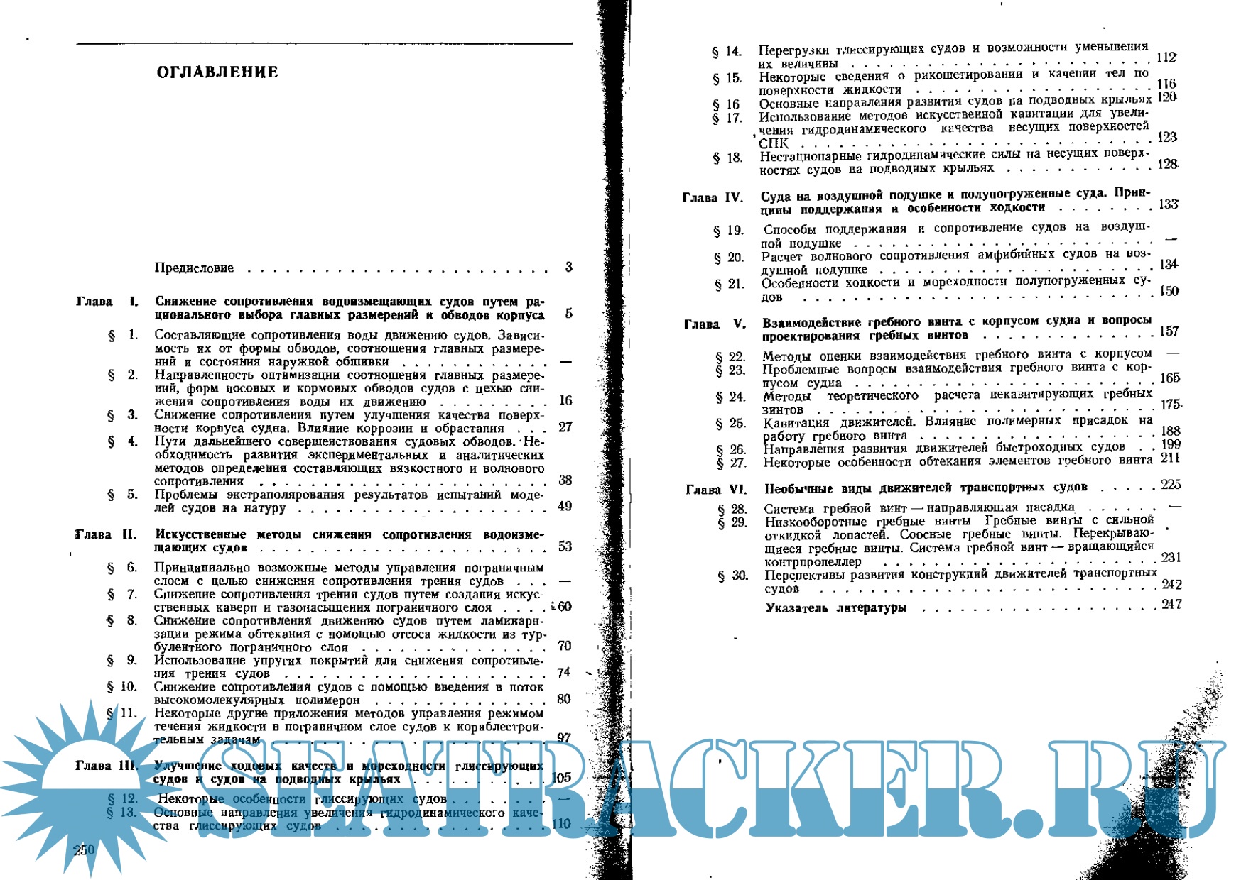 Описание: В книге изложены методы снижения сопротивления воды движению водоизмещающих судов, основанные как на рациональном выборе главных размерений и обводов корпуса, так и на применении различных методов искусственного управления пограничным слоем и т. п. Рассмотрены режимы движения быстроходных судов — глиссирующих, на подводных крыльях и на воздушной подушке. Изложены физические особенности каждого из этих режимов движения. Намечены пути совершенствования ходовых качеств судов с динамическими принципами поддержания. Большое внимание уделено проблеме повышения эффективности действия судовых движителей. Рассмотрены перспективы дальнейшего развития гребных винтов, а также конструкции и гидродинамические особенности других типов движителей — винтов в направляющих насадках, соосных винтов и др.
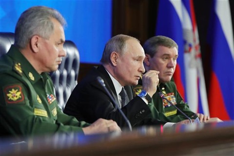 | Le président Vladimir Poutine (centre) au cours d'une réunion élargie du conseil du ministère de la Défense russe, le 24 décembre à Moscou. |
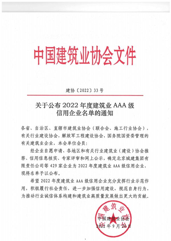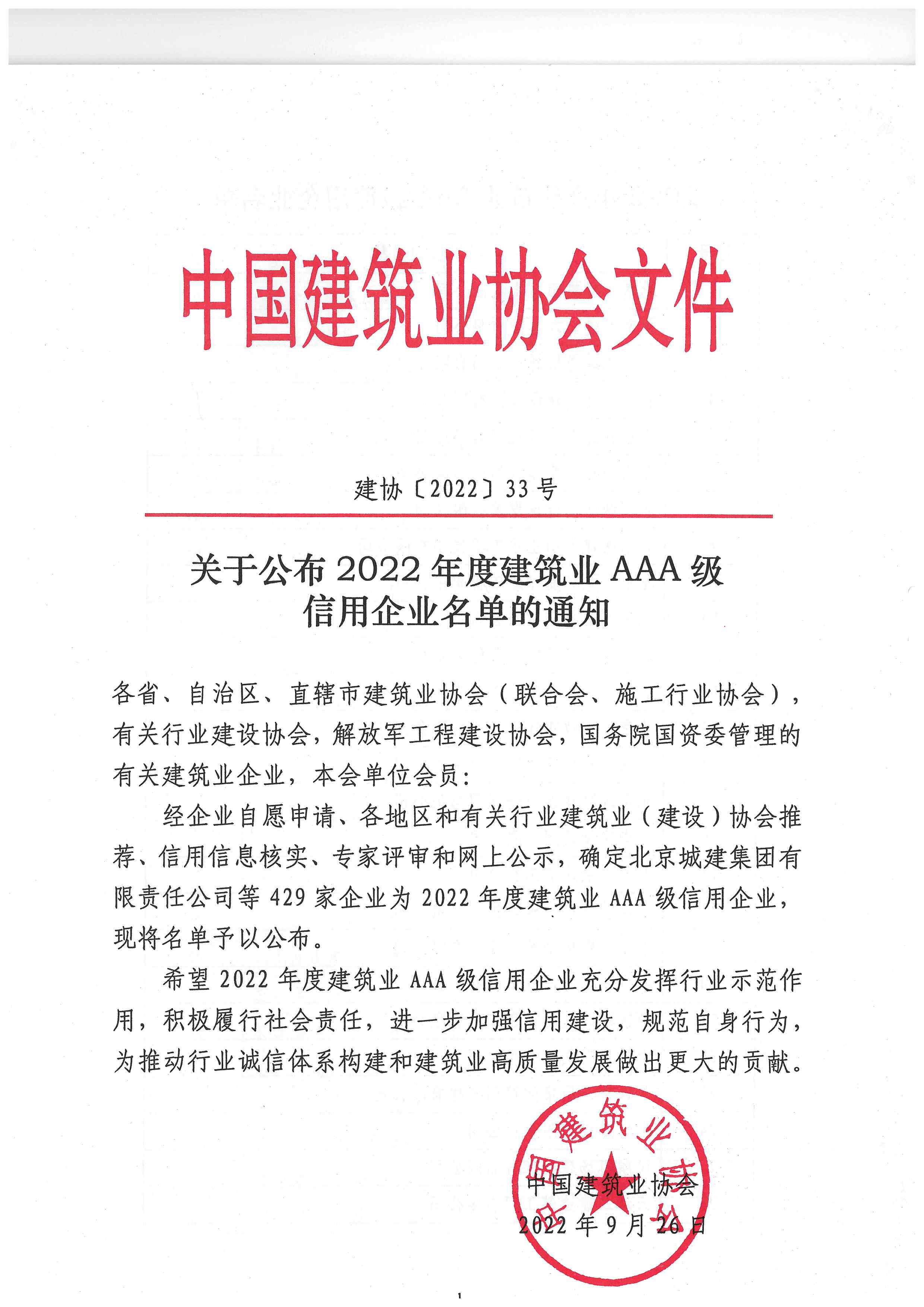 近日,從中國(guó)建筑業(yè)協(xié)會(huì)傳來(lái)捷報(bào),公司獲評(píng)2022年度“建筑業(yè)AAA級(jí)信用企業(yè)”。
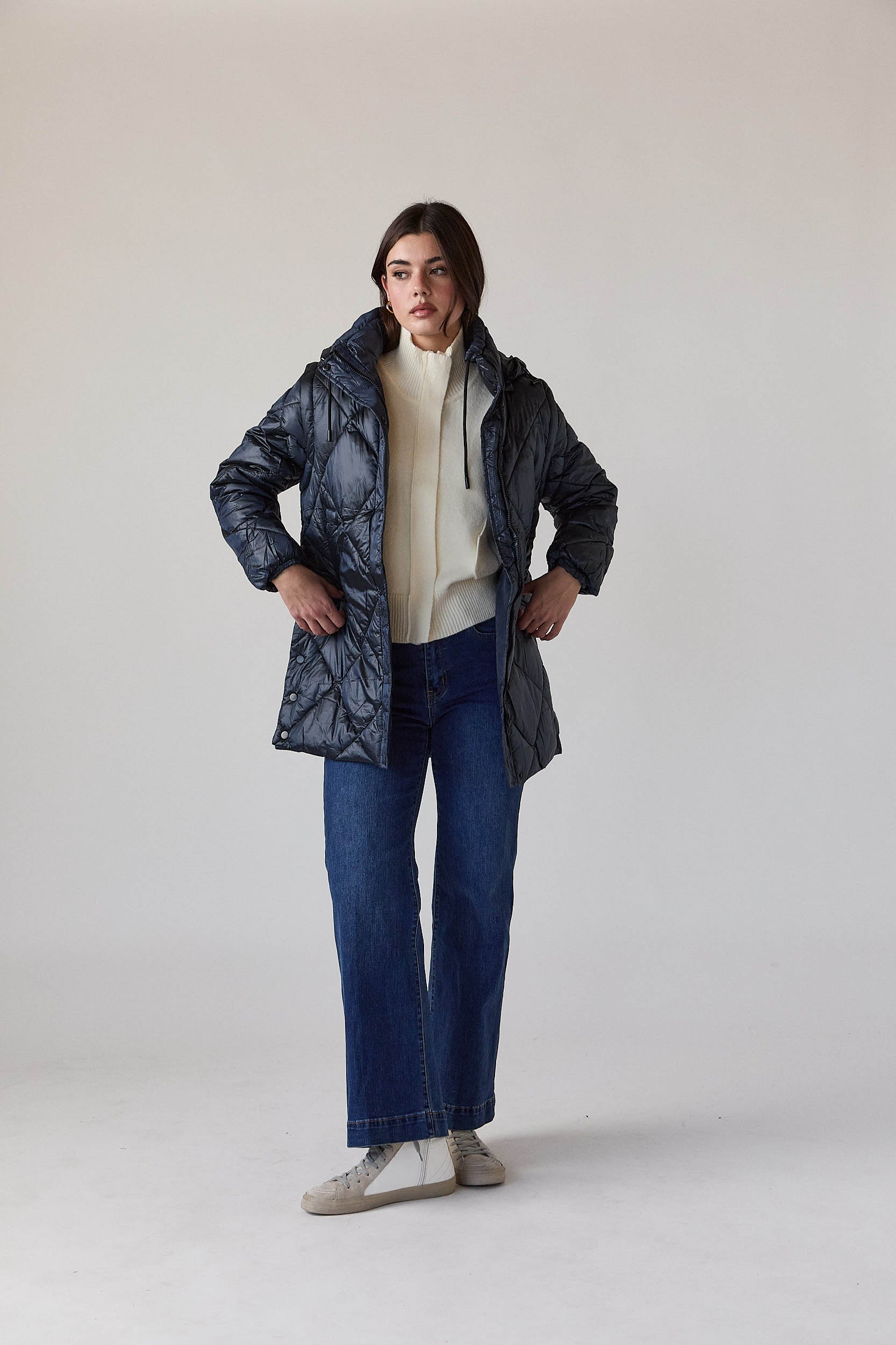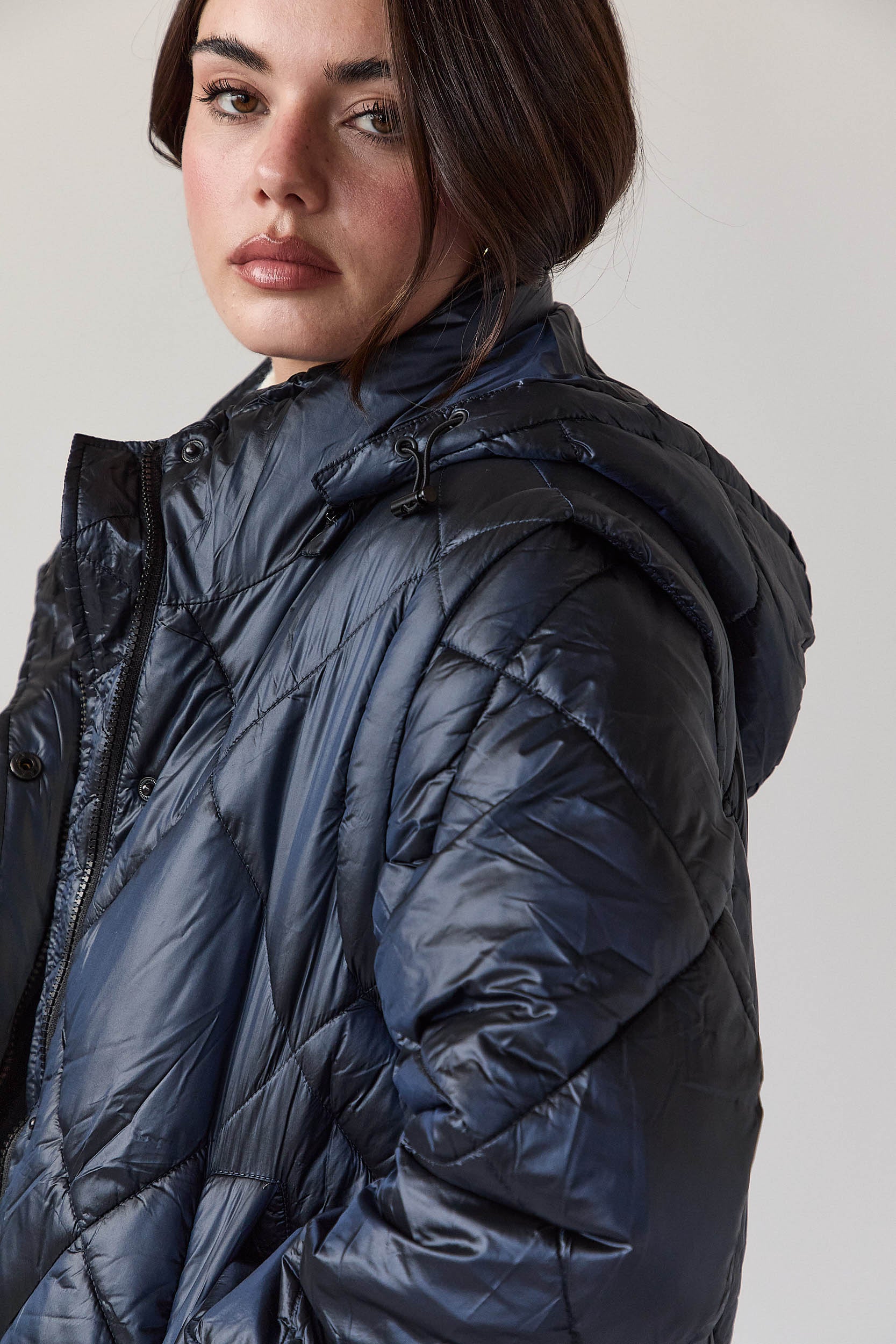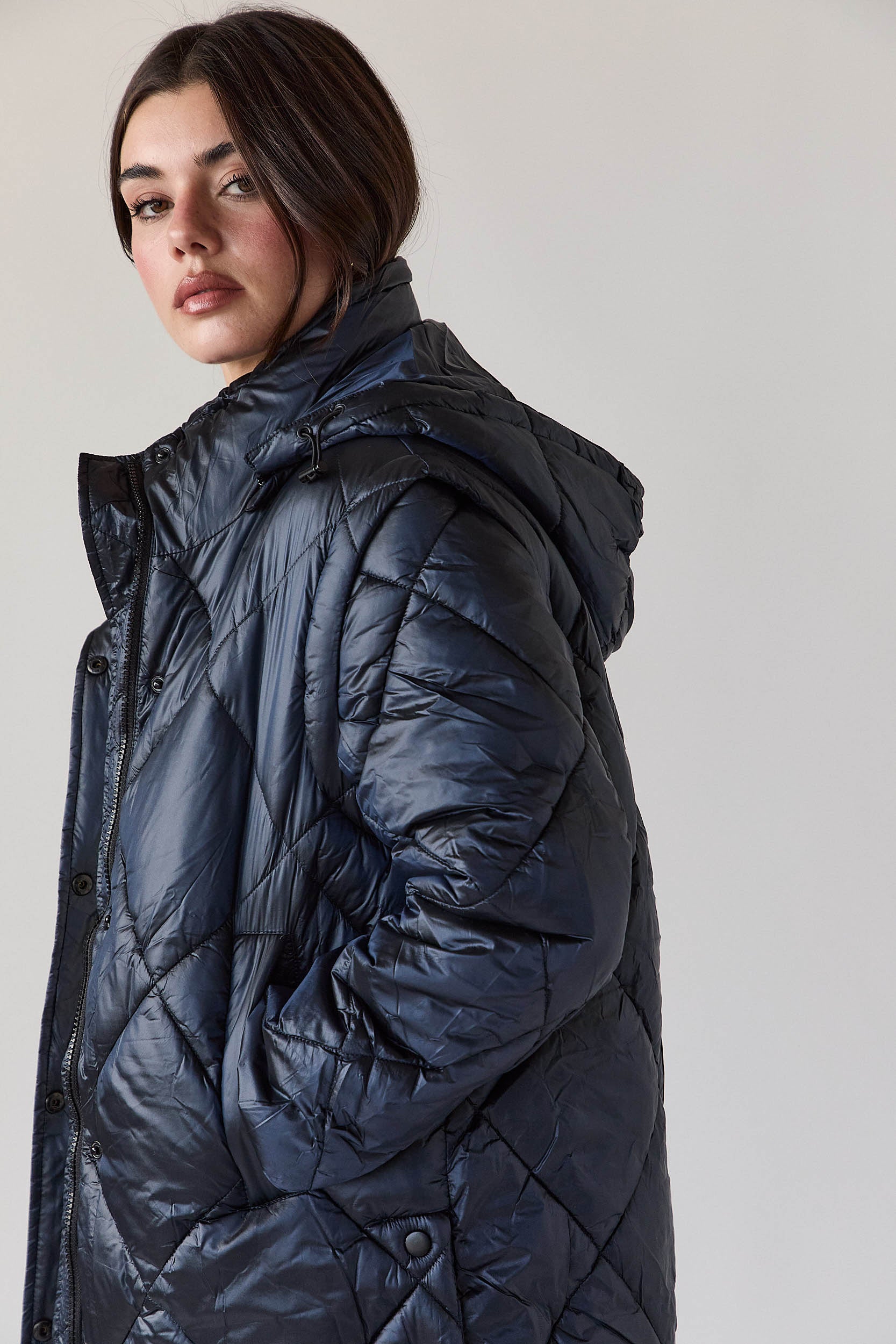 Este casaco acolchoado azul-marinho de corte recto é um casaco de plumas desmontável com pesponto em forma de losangos, capuz ajustável e fecho frontal com fecho de correr e molas ocultas. As mangas removíveis transformam facilmente a peça num colete acolchoado, garantindo versatilidade sem perder a linha elegante, enquanto os bolsos laterais funcionais completam o design prático.
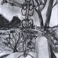 As for conveying lived experiences, I enjoyed making portraits of my family members as gifts for them or their family. I especially love capturing their happiest moments on my phone and then using those pictures as references for me to work off of in a traditional medium. My most recent piece was actually a portrait of my Titi Santa and Tio Dino. In English, she is my great aunt, and he was my great uncle. Titi Santa is 82 years old and has Alzheimer's. She doesn't remember saying her goodbyes to her husband who passed away at the beginning of this year, January 29th, and it's something that she feels distraught over daily. I thank God that I had a photo of the two during my Tio's 84th birthday party. I photoshopped it a bit and prepped it be a great reference picture. One important change I made was alter the number on the cake to 86, the age at which he passed. I created this portrait of the two to show my Titi that she did get to say her goodbyes and with it being done in an affectionate send-off. I framed it and gifted it her, and... it's something genuinely appreciated by her and the rest of my family.
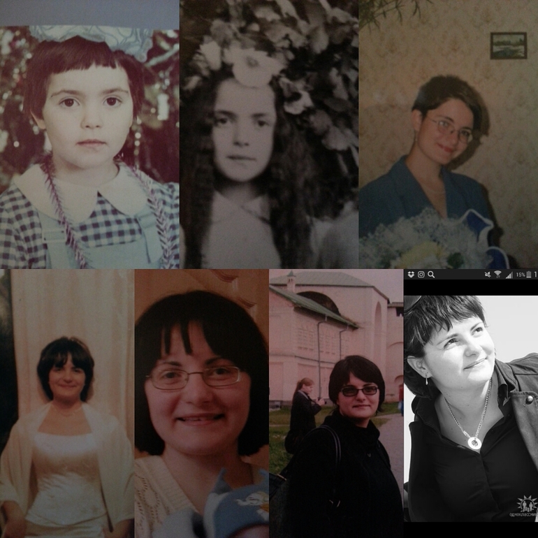 1. 4-5 лет челку сама стригла), 2.9-10 лет в образе Гоголевской русалки, идем праздновать Ивана Купала. 3. 16 лет стриглась под машинку и отключили свет, решили так оставить)) 4. 19 иду под авенец. 5. 20 год в браке прибавил килограммы) 6. 24 перед разводом 7. 26 в свободном палете)
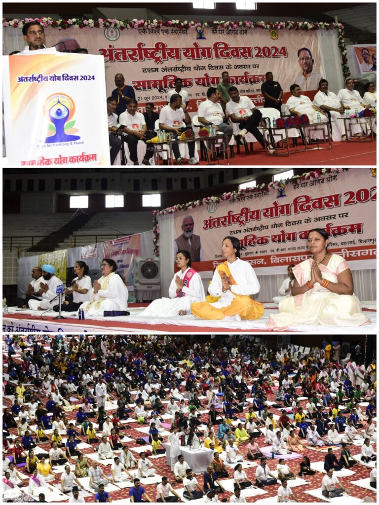 बिलासपुर // अंतर्राष्ट्रीय योग दिवस के अवसर पर बहतराई स्टेडियम में पूरे उत्साह के साथ योग दिवस मनाया गया। इस अवसर पर कार्यक्रम के मुख्य अतिथि केंद्रीय शहरी विकास राज्य मंत्री तोखन साहू ने विभिन्न मुद्राओं में योगाभ्यास किया। स्वयं और समाज के लिए योग थीम पर दसवें अंतर्राष्ट्रीय योग दिवस का आयोजन किया गया। जिला स्तरीय इस योगाभ्यास कार्यक्रम में बेलतरा विधायक सुशांत शुक्ला, जिला पंचायत अध्यक्ष अरूण सिंह चौहान, पूर्व सांसद लखन लाल साहू, रामदेव कुमावत, संभागायुक्त डॉ. संजय अलंग ने भी योगाभ्यास किया। हजारों की संख्या में बच्चों एवं नागरिकों ने योगाभ्यास एवं प्राणायाम किया। इस अवसर पर ब्रम्हाकुमारी दीदी मंजू सहित अन्य योग प्रशिक्षकों, योगाचार्यों के मागदर्शन में प्रतिभागियों द्वारा योगाभ्यास, ताड़ासन, वक्रासन, प्राणायाम जैसे अनुलोम विलोम, कपालभाति, भुजंगासन, भ्रामरी जैसे आसानों का अभ्यास एवं ध्यान किया गया।कार्यक्रम में केंद्रीय शहरी विकास राज्य मंत्री तोखन साहू ने सभी को अंतर्राष्ट्रीय योग दिवस की बधाई एवं शुभकामनाएं देेते हुए कहा कि नियमित रूप से योग करने पर शरीर में सकरात्मक ऊर्जा का संचार होता है। जीवन को सही दिशा देने के लिए योग, ज्ञान एवं ध्यान आवश्यक है। इसके माध्यम से जीवन को संतुलित किया जा सकता है। योगासान हमारी शरीर की रोग प्रतिरोधात्मक क्षमता को बढ़ाते है और बीमारियों को दूर करते है। अपने व्यस्त दिनचर्या से समय निकालकर हमें अवश्य योग करना चाहिए। योग से न केवल शरीर अपितु मन भी स्वस्थ रहता है। प्रधानमंत्री नरेंद्र मोदी ने योग को विश्व पटल पर एक नया रूप दिया। पूरा विश्व योग कर रहा है। इस अवसर पर विधायक सुशांत शुक्ला ने कहा कि योग करें और निरोग रहें। इससे तन और मन दोनों स्वस्थ रहता है। आज पूरा विश्व योग अपना रहा है और उसे अपने जीवन में निरंतर अपनाने की आवश्यकता है। इस अवसर नगर निगम आयुक्त अमित कुमार, जिला पंचायत सीईओ आर पी चौहान,एडीएम आरए कुरूवंशी, समाज कल्याण विभाग के अधिकारी सहित अन्य विभागीय अधिकारी, विभिन्न योग संस्थाओं के प्रतिनिधि और गणमान्य नागरिक मौजूद थे। अंतर्राष्ट्रीय योग दिवस के अवसर पर जिले के विभिन्न स्थानों में भी योगाभ्यास किया गया। जिले के सभी विकासखण्डों, नगरीय निकायों में सामूहिक रूप से योगाभ्यास किया गया।
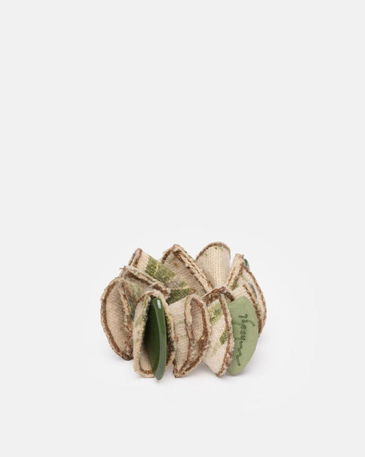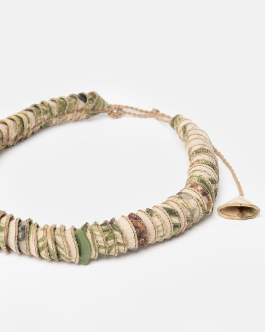 Before the experimental process began, this fabric, mostly white, sourced from surplus factories in northern Portugal, was also dyed with coffee grounds to harmonize all the colors.
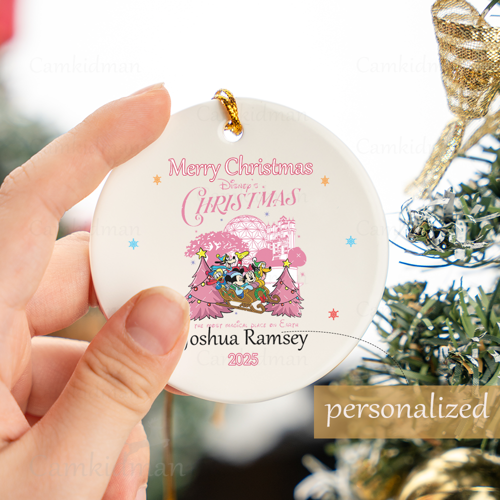 Personalized Name Disney pink Christmas Tree Gifts 2025 Christmas Ceramic Ornament Glass Ornament

* [What this task involves]: Output only the lines from the start of the data through the line that holds "Este casaco acolchoado". Keep them exact and leave the pictures out.

* [Exercise answer]:
 Описание: В книге изложены методы снижения сопротивления воды движению водоизмещающих судов, основанные как на рациональном выборе главных размерений и обводов корпуса, так и на применении различных методов искусственного управления пограничным слоем и т. п. Рассмотрены режимы движения быстроходных судов — глиссирующих, на подводных крыльях и на воздушной подушке. Изложены физические особенности каждого из этих режимов движения. Намечены пути совершенствования ходовых качеств судов с динамическими принципами поддержания. Большое внимание уделено проблеме повышения эффективности действия судовых движителей. Рассмотрены перспективы дальнейшего развития гребных винтов, а также конструкции и гидродинамические особенности других типов движителей — винтов в направляющих насадках, соосных винтов и др.
 | Le président Vladimir Poutine (centre) au cours d'une réunion élargie du conseil du ministère de la Défense russe, le 24 décembre à Moscou. |
 近日,從中國(guó)建筑業(yè)協(xié)會(huì)傳來(lái)捷報(bào),公司獲評(píng)2022年度“建筑業(yè)AAA級(jí)信用企業(yè)”。
 Este casaco acolchoado azul-marinho de corte recto é um casaco de plumas desmontável com pesponto em forma de losangos, capuz ajustável e fecho frontal com fecho de correr e molas ocultas. As mangas removíveis transformam facilmente a peça num colete acolchoado, garantindo versatilidade sem perder a linha elegante, enquanto os bolsos laterais funcionais completam o design prático.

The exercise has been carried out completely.